В связи с вышеизложенным вызывает недоумение беспечное поведение посадника Лекотия Брана. Благодаря его попустительству страна погрязла в междоусобицах, которые грозят вылиться в опустошительную гражданскую войну; хозяйство страны находится в полном развале, от чего в первую очередь страдают интересы Пата, ежегодно недополучающего от Асилона до шестидесяти тысяч звондов откупного налога. А между тем в стране сложилась ситуация, при которой, усиль мы царскую власть, огради её от бесчисленных покушений и чехарды властолюбивых правителей, покончи с междоусобицами и, главное, накорми чернь хлебом — и этим самым хлебом нам бы удалось сделать в Асилоне гораздо больше, чем за шестьдесят лет нашего присутствия в Асилоне мечом. Из Асилона, вечно бунтующего, свободолюбивого, — покорного и верного вассала. Но вместо подобных решительных действий Лекотий Бран, как нам сообщают, устраивает оргии и вакханалии, вовсю предаваясь разгулу. Вот уж, воистину, пир во время чумы!» Всё.

Сенатор замолчал и принялся просматривать следующие сообщения. О наборе в легионеры вольноотпущенников и свободных граждан; о подкупе третейских судей по делу аргентария Целия Патустина — это в следующий номер; о землетрясении в Падуне — это по прибытии обычной падунской почты… Наконец он дошёл до сообщения, которого давно ожидал.

«Область Паралузия.

Окружённые в Цинтийских болотах восставшие подымперские древорубы, предприняв отвлекающий манёвр через Гыкную топь, ударили основными силами в центр осады и, опрокинув четырнадцатый надсмотрный имперский легион, ушли в кустарниковые лабища паралузского Лесогорья. Посаднику Люте Конта удалось в течение четырех часов собрать остатки легиона, однако организованная им погоня ни к чему не привела. Найти следы в практически непроходимых лабищах оказалось невозможно. И через два часа, под всё усиливающийся ропот солдат, истерзанных железными шипами лабищенских кустарников, при рубке которых щербились мечи, посадник был вынужден прекратить поиски. В порыве бешенства он приказал поджечь лабища. Но кустарниковые заросли, несмотря на то, что край лабищ солдаты засыпали торфом, накопанным здесь же, в Сухом болоте, так и не загорелись.

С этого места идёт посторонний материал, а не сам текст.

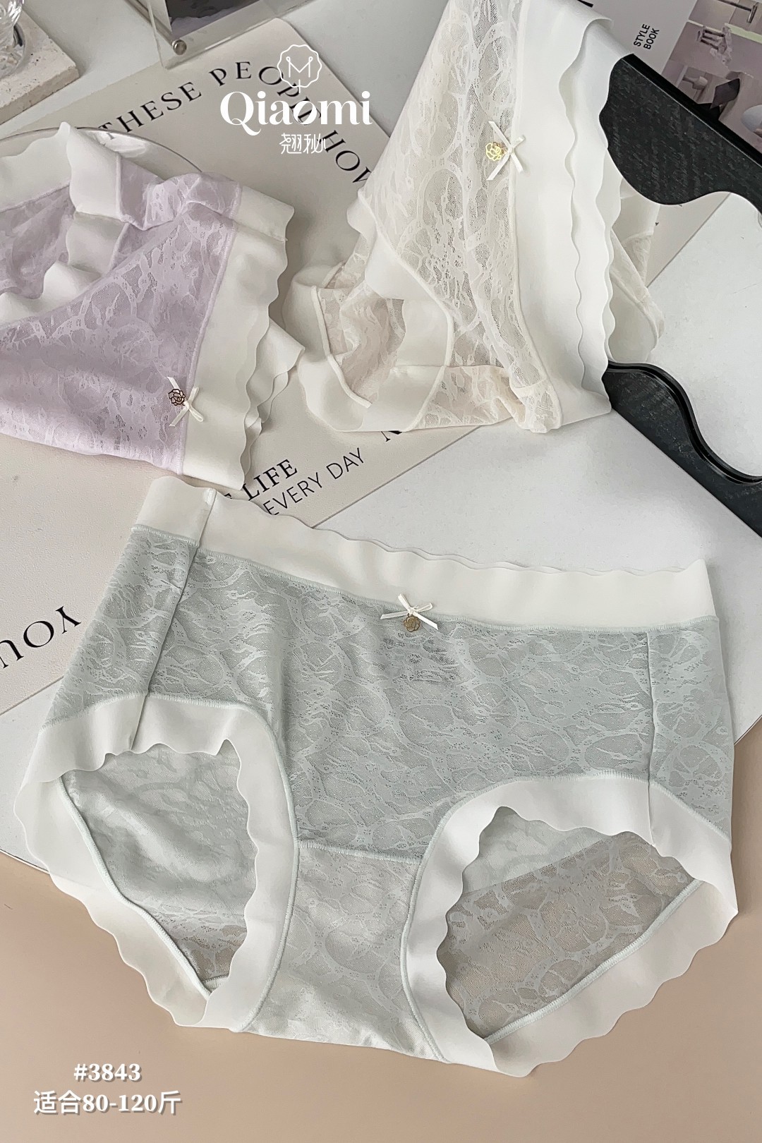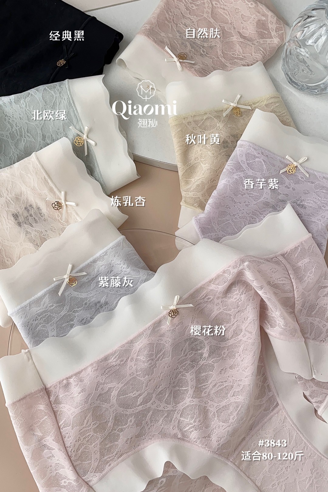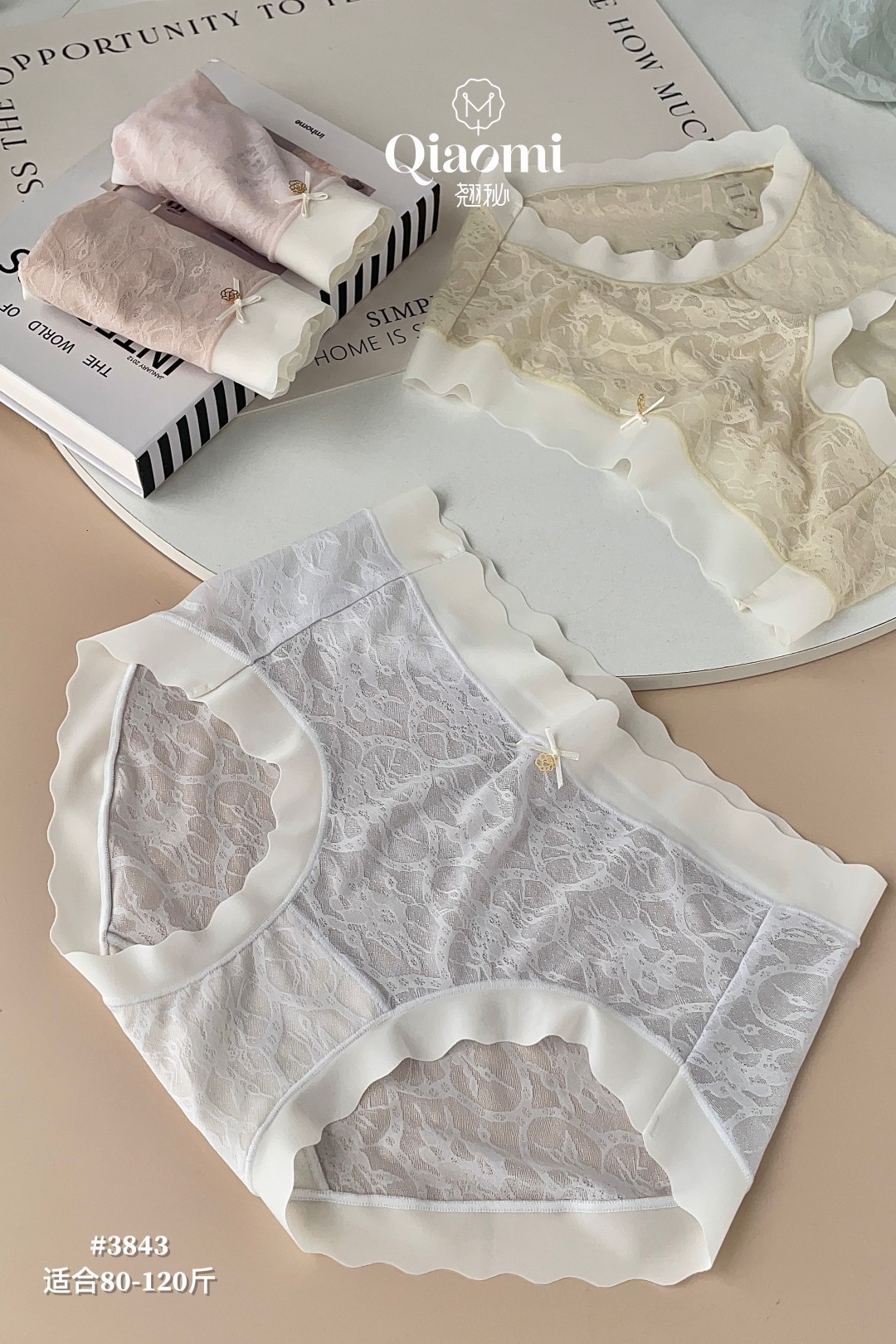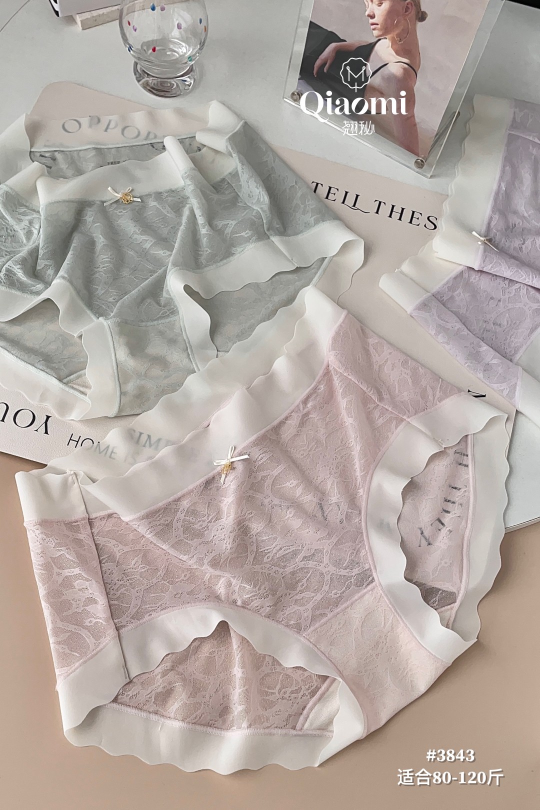 Qiao Mi 3843 속옷 여성용 아이스 실크 레이스 패턴 비 마킹 스몰 사이즈 브리프 여성용 바지 중간 허리 통기성 반바지
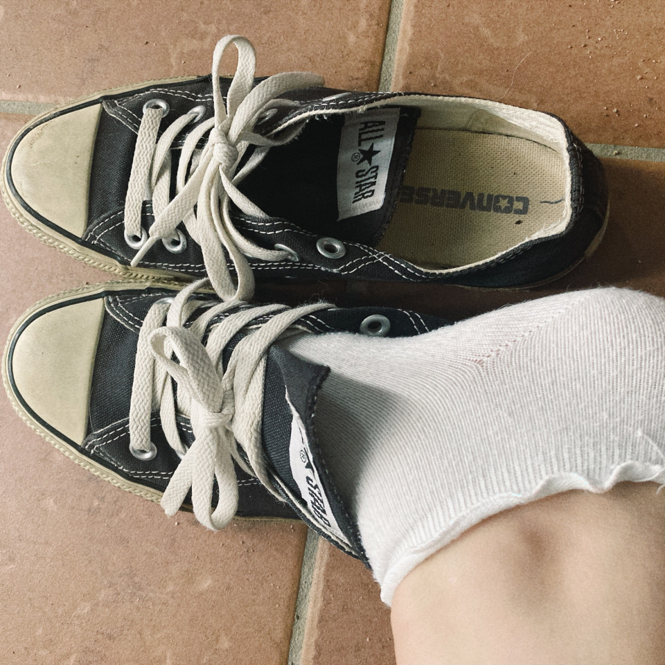 この黒のコンバース、何にでも合うからヘビロテしすぎて、これ履くだけで足のくささ倍増🤭!
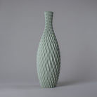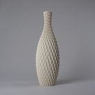 Kenmerken: golvende oppervlaktestructuur, organische textuur, elegante vorm, slanke hals, fijn geribbelde textuur, gelaagde opbouw, matte afwerking, lichtgewicht, dunwandig maar robuust, smalle halsopening, subtiel schaduwverloop.
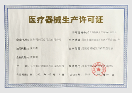 醫療器(qì)械生產企業許可證(編號:蘇食藥(yào)監械生產許2001-0157號)
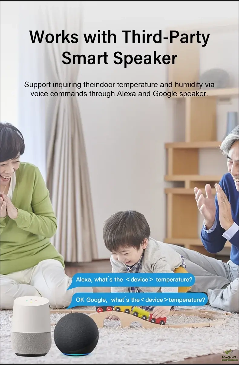 The sensor supports Amazon Alexa, Google Home Assistant. You can check the current temperature and humidity by voice.
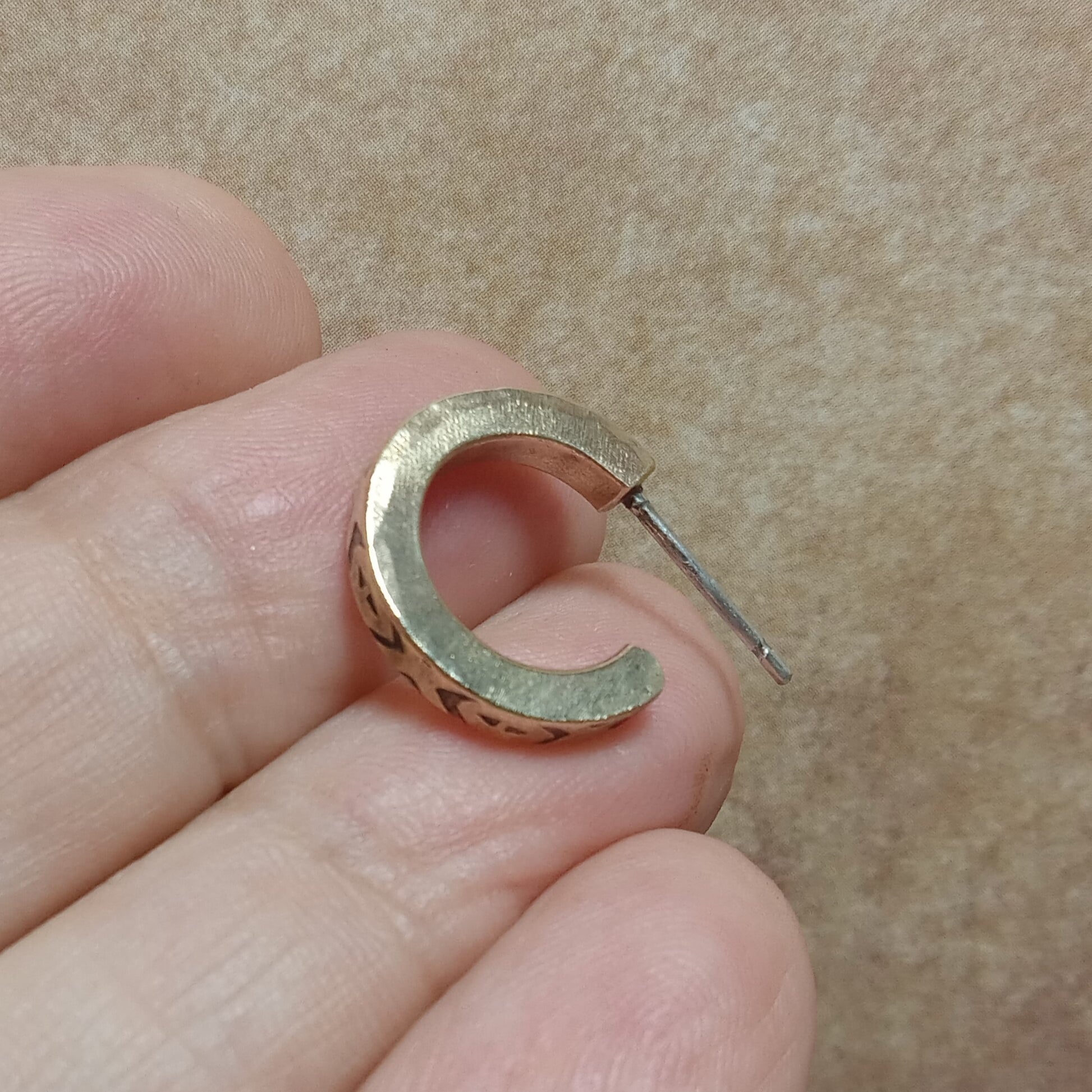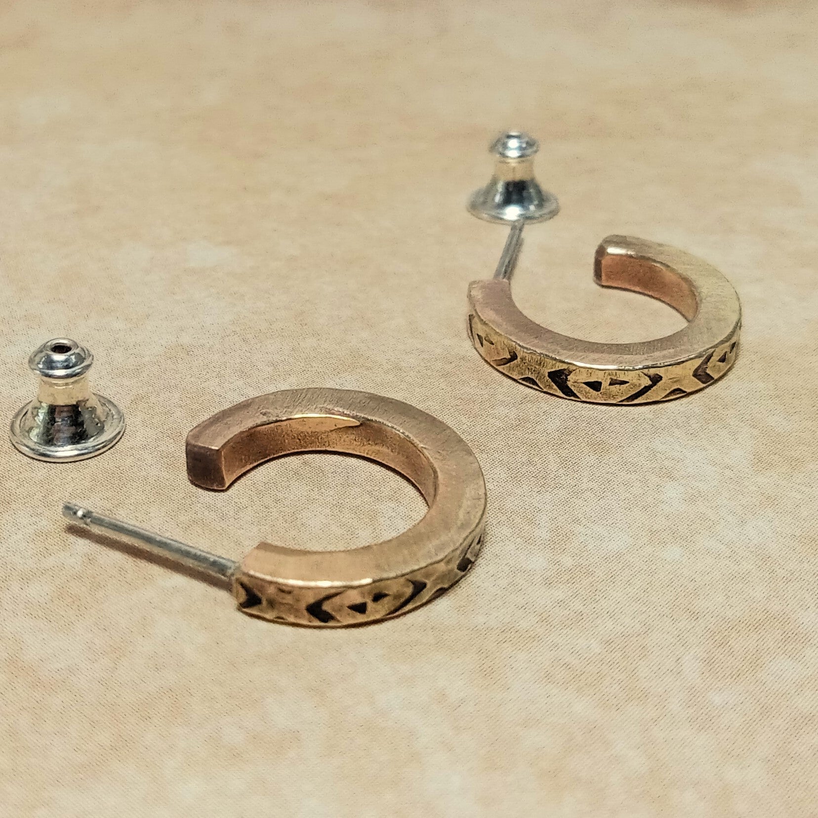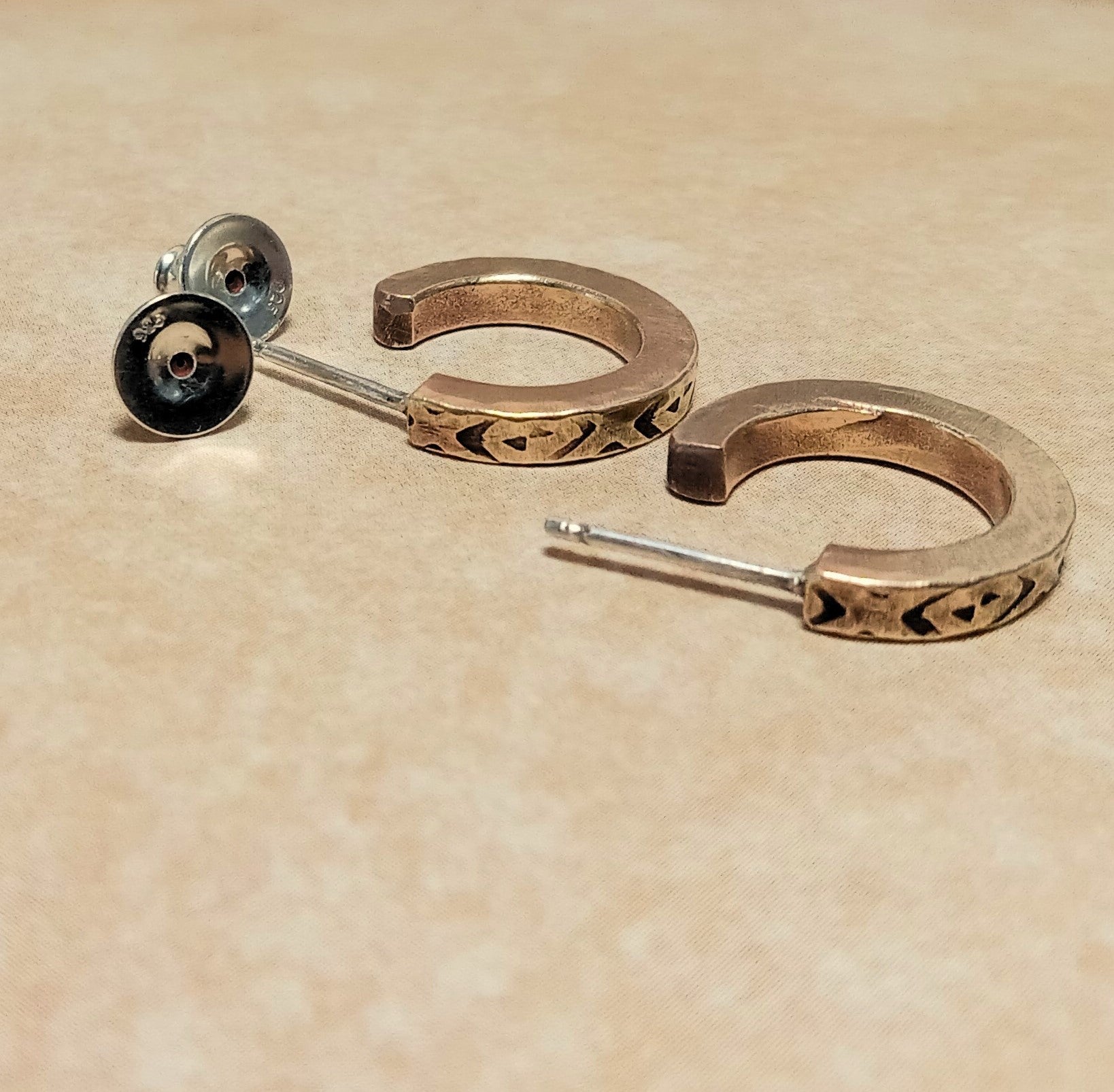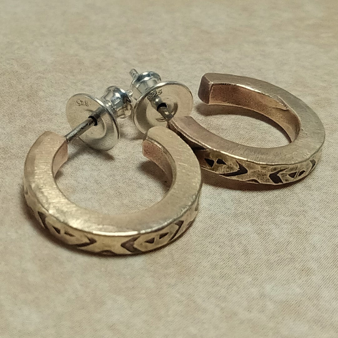 Unisex Bronze Hoop Earrings with Stamped Detail

Вместо этого огонь перекинулся на Сухое болото, и Люте Конта пришлось спешно отступить на Туборову дорогу, спасаясь от разожжённого им же самим пожара.

Тем временем повстанцы, сделав крюк в лабищах, вышли к горе Стигн и стали там лагерем. Попытка внедрения в их ряды нашего наблюдателя прошла успешно».

«Кто там у нас в Паралузии? Кажется, Баглак… — Крон хмыкнул. — Ему бы не сводки составлять, а романы писать». Он ещё раз окинул взглядом сводку из Паралузии и кивнул писцу.

— «Бунт подымперских древорубов».

Сенатор подождал, пока писец каллиграфически выведет заглавие, и продолжил:

«Как ранее сообщалось в „Сенатском вестнике“, в области Паралузия при строительстве дороги к форпосту Пиклон через непроходимые лабища Лесогорья произошло восстание подымперских древорубов. Четырнадцатый надсмотрный легион, руководимый посадником Лютой Конта, сумел отрезать бунтовщиков от единственной в этих местах дороги — дороги Тубора — и, оттеснив их в непроходимые Цинтийские болота, перекрыл все тропы, исключив тем самым всякую возможность отступления. Слава патскому оружию!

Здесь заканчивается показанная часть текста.